DavidMacinnisGill said:


> Besides, no one pronounces the G at the end of -ing words.


I have to disagree. Sure sometimes I say somethin' versus something, things like that. But it's not one way or the other. People say 'doing' all the way out... I think it all depends on the speed of how the word is delivered. I would probably say, "what are you doin'?" if I were speaking fast. But, If I were upset about something, it could come out as, "What are you _doing_?" And I'd hear the 'ing sound...


----------



## Guest (Apr 9, 2014)

GaryCecil said:


> Just so I'm clear: I, in no-way-shape-or-form, am identifying the character's race/color from the way he talks. Ghetto is simply a term.


Ghetto is not simply a term any more than N***** is simply a term. It has a huge, sociological amount of baggage attached to it in modern culture and is fundamentally associated with urban African American life. If you aren't making that connection, you are being disingenuous with the character. If you are going to write about urban characters, you have to have the backbone to take ownership of that, acknowledge you are doing it, and then try to be authentic. And you can't be authentic by trying to hide behind "ghetto is simply a term."

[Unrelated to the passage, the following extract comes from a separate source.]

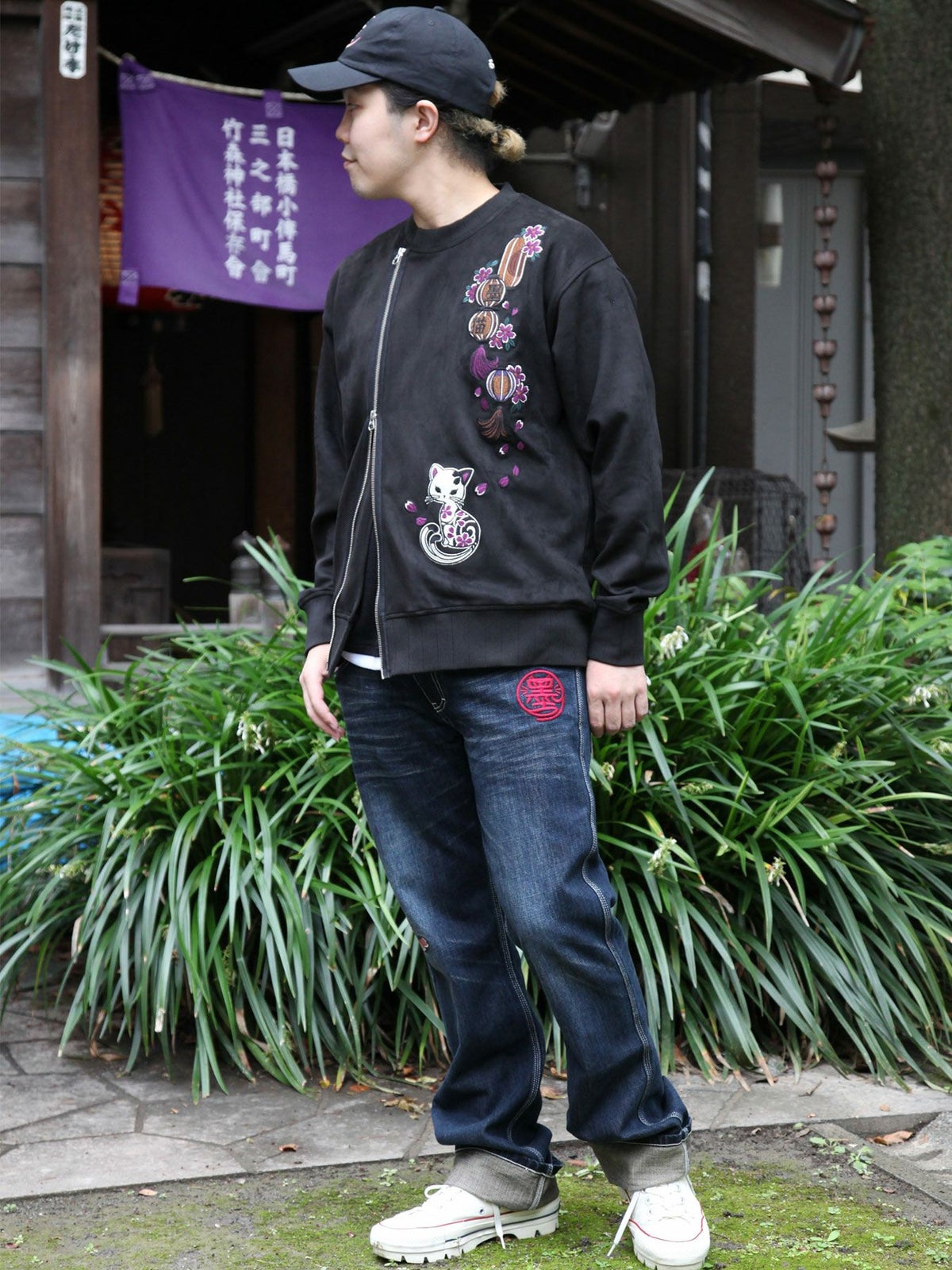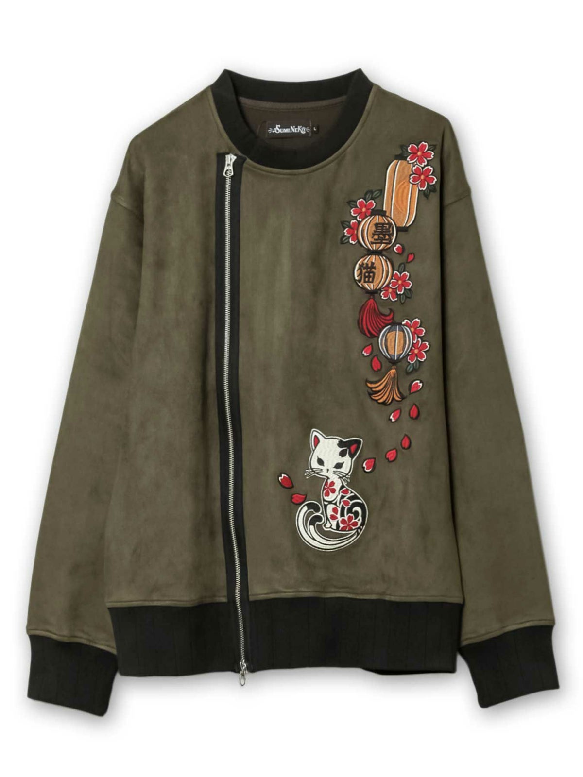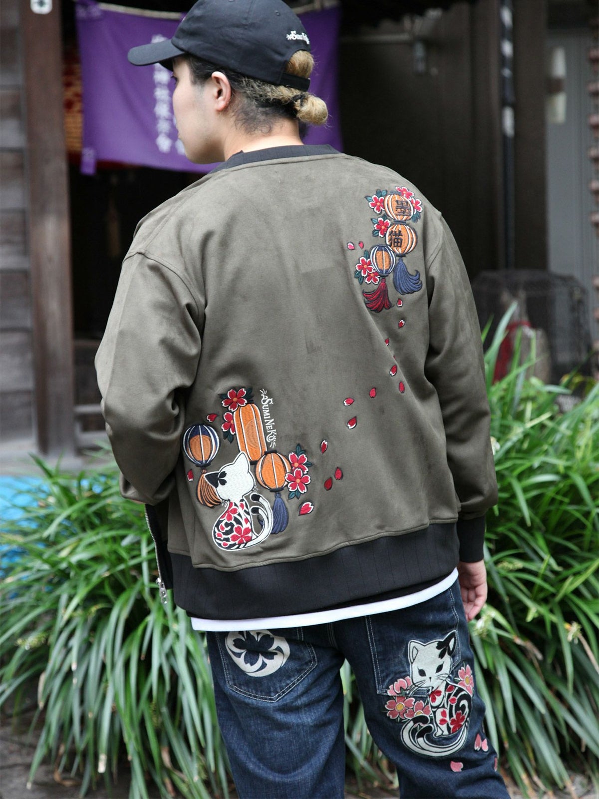 “提灯とスミネコ”総刺繍フェイクスウェードZIPジャケット≪返品・取寄対応不可≫

That said, dialogue is never about being "technically correct." Technically correct dialogue in the real world is BORING. Think about how people actually talk to each other. Go somewhere like a mall and just sit in the food court and spend an hour listening to how people communicate. The average conversation is BORING and filled with empty words and filler sounds. The purpose of dialogue in a fictional work is not to be "technically correct." It is to move the plot forward and help define the characters.

Good dialogue is less about accents and more about understanding how a character constructs his sentences and chooses his words. And again, this is where spending lots of time listening to HOW people talk becomes useful. It is the difference between writing "I didn't do anything wrong!" versus "I do nothing wrong!" Same statement, but the sentence construction and word choice indicate two very difference speakers.


----------



## Rae Scott Studio (Jan 26, 2014)

OMG. This is where I work EVERY DAY stuff!!! ok Ghetto is basically a lot of conjoined words that are horribly misspelled or made up or used incorrectly. Also double negatives as well.  For example you have this:
"I gotsta bounce. An' I really ain't feelin' this room. Ya crazy ass."

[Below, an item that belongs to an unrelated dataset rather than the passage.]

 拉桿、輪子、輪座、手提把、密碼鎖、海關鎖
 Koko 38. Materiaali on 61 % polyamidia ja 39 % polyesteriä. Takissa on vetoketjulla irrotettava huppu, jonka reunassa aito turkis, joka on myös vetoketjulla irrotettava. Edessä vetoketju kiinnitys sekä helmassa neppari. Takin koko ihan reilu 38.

Where I work which is a very ghetto heavy neighborhood it would be more like this:
"Yo dawg, Iz gotzta split cause I jizt aint feelin diz shiz. Crazy dumb azz *****"

if you arent around it a lot it can be hard but once you get it you will wish you could forget it! LOL Think of it as speaking a foreign language. Basically bad grammar rules Ghetto speak. insults are regular a regular part of speaking as well.. Think someone with a slur that is toned if that helps. When it gets REALLY interesting is when you have two ghetto people yelling at each other. Also ghetto isnt limited to one race of people. I have ghetto customers of EVERY race and mixed races that come in.


----------



## Guest (Apr 9, 2014)

Rae Scott said:


> OMG. This is where I work EVERY DAY stuff!!! ok Ghetto is basically a lot of conjoined words that are horribly misspelled or made up or used incorrectly. Also double negatives as well. For example you have this:
> "I gotsta bounce. An' I really ain't feelin' this room. Ya crazy ass."
> 
> Where I work which is a very ghetto heavy neighborhood it would be more like this:
> ...


Good, but this is the way I'd write it. (I don't think anyone says "split" anymore, but I could be wrong.)

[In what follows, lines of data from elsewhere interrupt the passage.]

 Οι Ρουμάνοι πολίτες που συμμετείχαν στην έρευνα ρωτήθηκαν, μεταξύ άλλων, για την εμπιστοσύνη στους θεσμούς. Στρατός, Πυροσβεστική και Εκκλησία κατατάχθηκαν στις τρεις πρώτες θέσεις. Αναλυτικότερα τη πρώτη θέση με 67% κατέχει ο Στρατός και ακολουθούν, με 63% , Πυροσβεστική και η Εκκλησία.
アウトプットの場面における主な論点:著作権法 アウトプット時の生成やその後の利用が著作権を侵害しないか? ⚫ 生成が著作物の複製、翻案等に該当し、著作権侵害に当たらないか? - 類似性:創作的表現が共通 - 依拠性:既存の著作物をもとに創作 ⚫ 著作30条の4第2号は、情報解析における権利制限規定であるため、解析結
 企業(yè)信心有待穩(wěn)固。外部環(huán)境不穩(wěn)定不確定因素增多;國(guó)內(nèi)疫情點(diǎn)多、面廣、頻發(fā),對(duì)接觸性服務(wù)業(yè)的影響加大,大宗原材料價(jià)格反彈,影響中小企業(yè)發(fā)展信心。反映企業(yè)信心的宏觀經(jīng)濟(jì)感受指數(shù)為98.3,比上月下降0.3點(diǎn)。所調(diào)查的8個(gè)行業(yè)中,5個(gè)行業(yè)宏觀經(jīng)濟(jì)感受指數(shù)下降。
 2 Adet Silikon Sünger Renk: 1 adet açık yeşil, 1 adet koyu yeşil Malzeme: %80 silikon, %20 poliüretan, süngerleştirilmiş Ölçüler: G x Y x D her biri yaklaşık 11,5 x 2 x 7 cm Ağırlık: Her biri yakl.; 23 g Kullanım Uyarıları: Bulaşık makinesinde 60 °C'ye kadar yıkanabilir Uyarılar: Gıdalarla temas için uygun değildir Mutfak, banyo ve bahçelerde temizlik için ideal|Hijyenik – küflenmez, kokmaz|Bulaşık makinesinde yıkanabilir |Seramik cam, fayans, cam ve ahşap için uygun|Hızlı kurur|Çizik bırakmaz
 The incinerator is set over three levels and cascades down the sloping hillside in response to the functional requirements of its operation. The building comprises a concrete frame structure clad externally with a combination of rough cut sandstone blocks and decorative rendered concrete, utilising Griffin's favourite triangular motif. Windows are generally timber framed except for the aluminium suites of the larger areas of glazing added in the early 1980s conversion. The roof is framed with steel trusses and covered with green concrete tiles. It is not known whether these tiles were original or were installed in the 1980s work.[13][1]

"Dawg, I ain't feelin' dis shiz. I'm out. Crazy dumb azz *****."


----------



## LeeBee (Feb 19, 2014)

I think that, potential offensiveness aside, the point that is being made by most people commenting here is that the use of apostrophes is not necessary or even advisable to any large degree. Word choice, spelling, and phrasing can do most of the heavy lifting on the accent, which will work much better if you suggest it than if you bludgeon the reader with it. That's what I meant when I said your samples are a lot of work to read. If you had pulled back a little on overtly indicating the accent, my inner ear would have provided it and your character's dialogue would have flowed much more easily.


----------



## GaryCecil (Jan 5, 2014)

Bards and Sages (Julie) said:


> Ghetto is not simply a term any more than N***** is simply a term. It has a huge, sociological amount of baggage attached to it in modern culture and is fundamentally associated with urban African American life. If you aren't making that connection, you are being disingenuous with the character. If you are going to write about urban characters, you have to have the backbone to take ownership of that, acknowledge you are doing it, and then try to be authentic. And you can't be authentic by trying to hide behind "ghetto is simply a term."
> 
> That said, dialogue is never about being "technically correct." Technically correct dialogue in the real world is BORING. Think about how people actually talk to each other. Go somewhere like a mall and just sit in the food court and spend an hour listening to how people communicate. The average conversation is BORING and filled with empty words and filler sounds. The purpose of dialogue in a fictional work is not to be "technically correct." It is to move the plot forward and help define the characters.
> 
> Good dialogue is less about accents and more about understanding how a character constructs his sentences and chooses his words. And again, this is where spending lots of time listening to HOW people talk becomes useful. It is the difference between writing "I didn't do anything wrong!" versus "I do nothing wrong!" Same statement, but the sentence construction and word choice indicate two very difference speakers.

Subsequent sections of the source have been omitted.